Upside max profit is unbounded; downside max profit is bounded at the put strike minus the combined debit (reached at zero). Max loss equals the combined debit times 100 (reached anywhere between the two OTM strikes). Two breakevens at call-strike plus debit and put-strike minus debit. For the COTY strangle priced from the end-of-day chain at a 30-day expiry (ATM IV 135.10%), the computed maximum profit is unbounded per contract and the computed maximum loss is unbounded per contract. Live intraday quotes will differ as the chain moves through the trading session.
What is the breakeven for a COTY strangle?

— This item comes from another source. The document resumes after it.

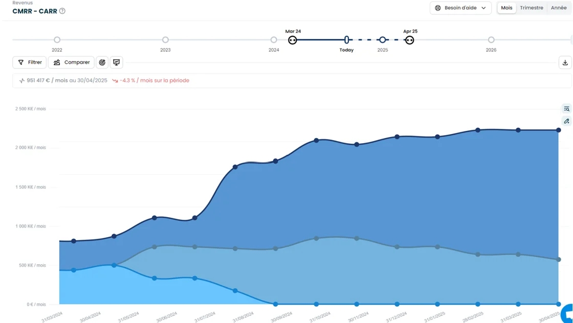 Le calcul du CMRR - CARR évolue pour vous permettre d'avoir une vision encore plus fine de vos revenus "signés" mais non encore facturés. Le calcul prend désormais en compte les abonnements futurs issus du/des systèmes de facturation que vous utilisez ! Ces abonnements peuvent être renseignés depuis votre logiciel de facturation, mais également via le template excel qui a été mis à jour ou bien directement depuis la plateforme.

The breakeven for the COTY strangle priced on this page is no defined breakeven on the modeled curve at expiration, derived from end-of-day chain premiums. Breakeven is the underlying price at which the strategy's P&L crosses zero ignoring transaction costs and assignment risk. The current COTY market-implied 1-standard-deviation expected move is approximately 38.73%; if the move sits well outside the breakeven distance, the structure's risk-reward becomes correspondingly tighter.

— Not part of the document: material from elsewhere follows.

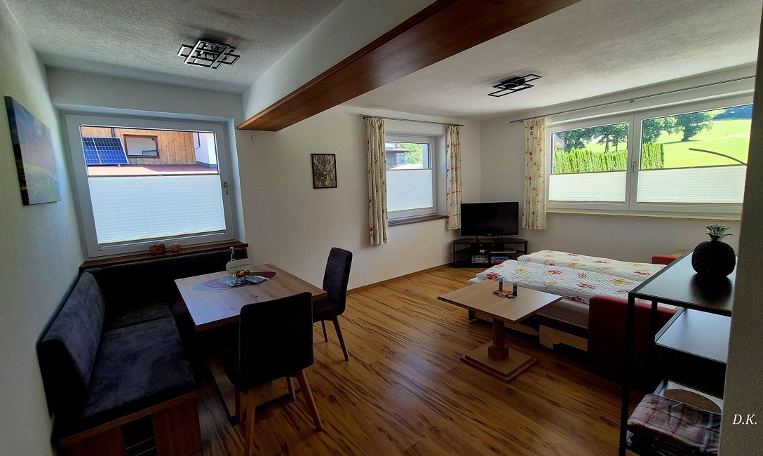 Ons "Appartement Panorama" van iets meer dan 110 m² is ideaal voor maximaal 10 personen. Hier kunnen 6 volwassenen en 4 kinderen een ontspannen vakantie beleven. Op het terras aan de zuidoostzijde zie je de Choralpe en kun je in de zon van je ontbijt genieten. Daarnaast is er een extra balkon dat toegankelijk is vanuit de 3 slaapkamers.

When should you consider a strangle on COTY?
Strangles on COTY are the cheaper cousin of the straddle - traders use them when they want a large directional move but are willing to give up the inner-strike sensitivity in exchange for a lower up-front debit on the COTY chain.
How does current COTY implied volatility affect this strangle?
COTY ATM IV is at 135.10% with IV rank near 26.62%, which is on the low end of its 1-year range. Premium-buying structures (long call, long put, debit spreads) are relatively cheap in this regime; premium-selling structures collect less credit per unit risk.